I AM a number, I will be a free man.
Hong Kong protesters have flipped the defining statement repeatedly issued by Number Six in the 1960s cult TV series, The Prisoner: ‘I am not a number, I am a free man’.
They readily identify themselves by the start date of their street protests: 926 (26 September); they show affinity with 8964 (6 April 1989), the day the Chinese authorities broke up the pro-democracy protest camp in Tiananmen Square, Beijing.
In the East, pro-democracy activists are accustomed to using numbers to sidestep censorship. In their eyes, numbers can be symbols of freedom.
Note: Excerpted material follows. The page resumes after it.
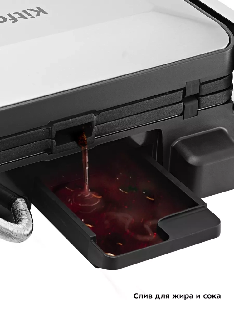 Данная модель оснащена поддоном для слива жира и сока, которые выделяются в процессе приготовления продуктов.

Largely impersonal, because not attached to a named person; but by no means inhuman.
On the Western side of the world, however, protestors rarely regard numbers in such a positive light. They don’t see themselves in numbers; they don’t look comfortable even when – not often nowadays – they find themselves in great numbers. Being one of a number seems almost as hurtful as being reduced to a number.
No freedom, they seem to be saying, without first protecting my personality.
In Hong Kong there appears to be less concern about loss of personality.
When thousands of protestors cross their forearms at the same moment, with one voice semaphoring ‘wrong’ to chief executive C.Y. Leung and, behind him, Beijing, they don’t feel the need to be embarrassed about acting in unison.
Instead, in many different ways – passers-by spraying sit-down demonstrators with cool water; constant litter patrols and the sharing out of visors and masks for use against police tear gas and pepper spray – the level of cooperation among Hong Kong protesters and their supporters suggests that they are comfortable not only in their own skin; but also in each others’.
Meanwhile in the West the cult of personality threatens to rarefy still further the already intermittent call for freedom.